7.7 You must ensure that Content does not duplicate other content available through the Services.
7.8 You must ensure that Content is appropriately categorised.
7.9 You should use appropriate and informative titles for all Content.
7.10 You must at all times be courteous and polite to other users of the Services.
8. Marketing and spam
8.1 You must not use the Services for any purpose relating to the marketing, advertising, promotion, sale or supply of any product, service or commercial offering.
8.2 Content must not constitute or contain spam, and you must not use the Services to store or transmit spam - which for these purposes shall include all unlawful marketing communications and unsolicited commercial communications.
8.3 You must not send any spam or other marketing communications to any person using any email address or other contact details made available through the Services or that you find using the Services.
8.4 You must not use the Services to promote, host or operate any chain letters, Ponzi schemes, pyramid schemes, matrix programs, multi-level marketing schemes, "get rich quick" schemes or similar letters, schemes or programs.
8.5 You must not use the Services in any way which is liable to result in the blacklisting of any of our IP addresses.
9. Regulated businesses
9.1 You must not use the Services for any purpose relating to gambling, gaming, betting, lotteries, sweepstakes, prize competitions or any gambling-related activity.
9.2 You must not use the Services for any purpose relating to the offering for sale, sale or distribution of drugs or pharmaceuticals.

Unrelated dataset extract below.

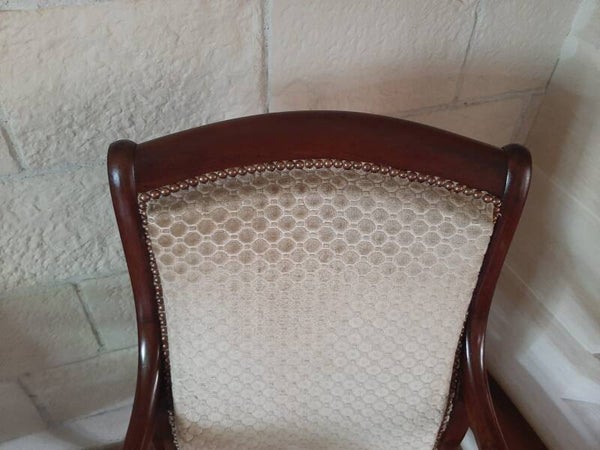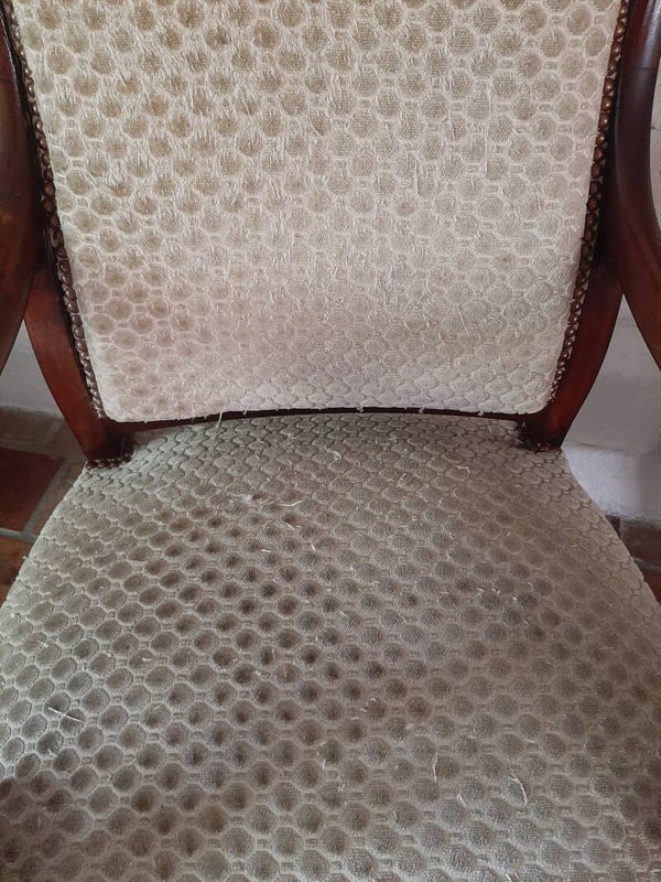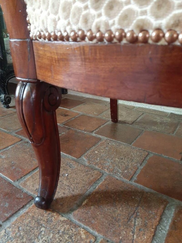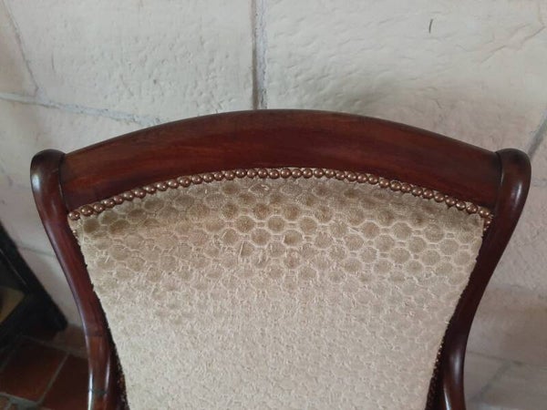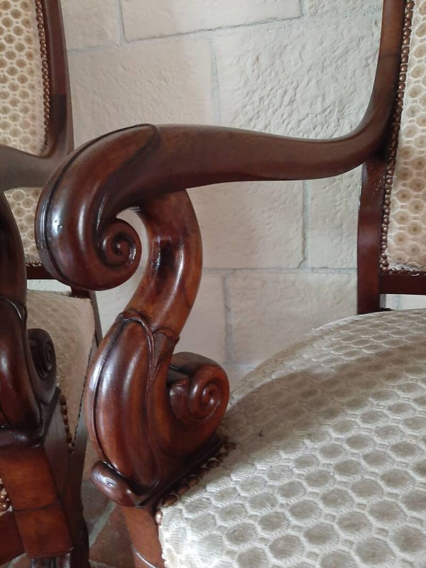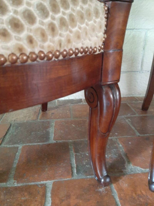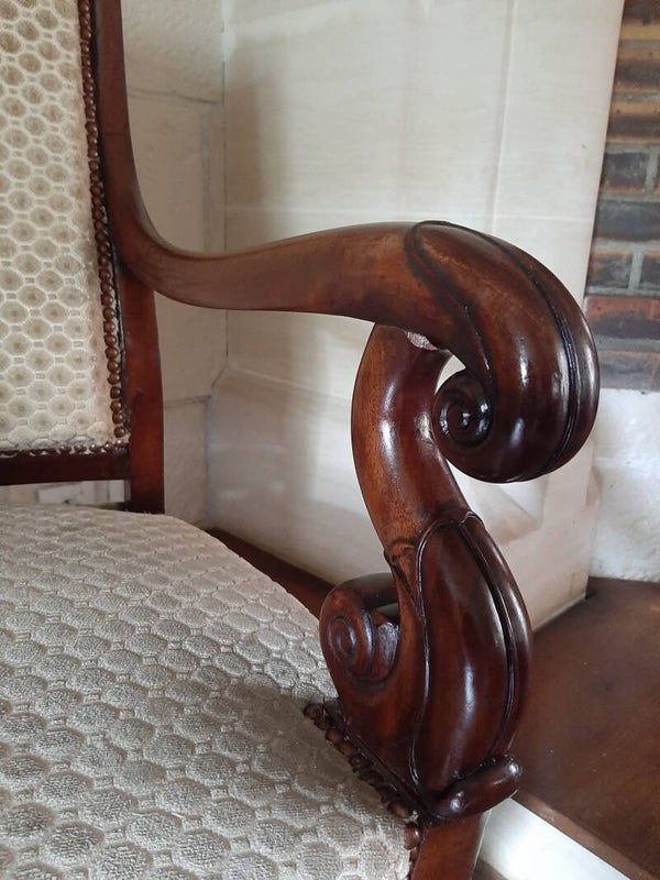 These mahogany and mahogany veneer armchairs from the Restoration period (1815-1830) are interesting for their historical value and their craftsmanship, which reflect the aesthetics of their time. They will impress with their size, particularly the height of the seat. The cross-shaped armrests rest on generously carved scrolled consoles that connect to the seat. The upper back is curved. They rest on a "frog leg" front base and a saber rear base. The front apron is slightly curved. The upholstery is adequate; the embossed velvet fabrics require updating but can be used in their current condition. Note: traces of restoration at the base of one armrest. Seat height 42 cm - Total height 95 cm - Width 63 cm - Depth 52 cm.

9.3 You must not use the Services for any purpose relating to the offering for sale, sale or distribution of knives, guns or other weapons.
10. Monitoring
10.1 You acknowledge that we may actively monitor the Content and the use of the Services
11. Data mining
11.1 You must not conduct any systematic or automated data scraping, data mining, data extraction or data harvesting, or other systematic or automated data collection activity, by means of or in relation to the Services.
12. Hyperlinks
12.1 You must not link to any material using or by means of the Services that would, if it were made available through the Services, breach the provisions of this Policy.
13. Harmful software
13.1 The Content must not contain or consist of, and you must not promote, distribute or execute by means of the Services, any viruses, worms, spyware, adware or other harmful or malicious software, programs, routines, applications or technologies.
13.2 The Content must not contain or consist of, and you must not promote, distribute or execute by means of the Services, any software, programs, routines, applications or technologies that will or may have a material negative effect upon the performance of a computer or introduce material security risks to a computer.
14. Limitations on commercial use
14.1 This section of the Policy sets out the rules governing commercial use of the Services by:
(a) those who read, download, synchronise or modify Mergin Maps projects which reside on the accounts of Project Hosts ("Collaborators"); and
(b) those who have Mergin Maps projects stored under their account (e.g. lutra/trees is a project called trees stored under the lutra account) ("Project Hosts").
14.2 A Mergin Maps account without an active paid subscription, also known as a Free account (a "Free Account") may only be used commercially:
(a) for evaluation purposes, during the 14 days following its registration (the "Evaluation Period"); or
(b) by Collaborators if the associated Project Host has an active, paid subscription;
14.3 A Free Account must not be used to Host Mergin Maps projects used commercially after the Evaluation Period.
14.4 There are no limitations on commercial use for accounts with active paid subscriptions.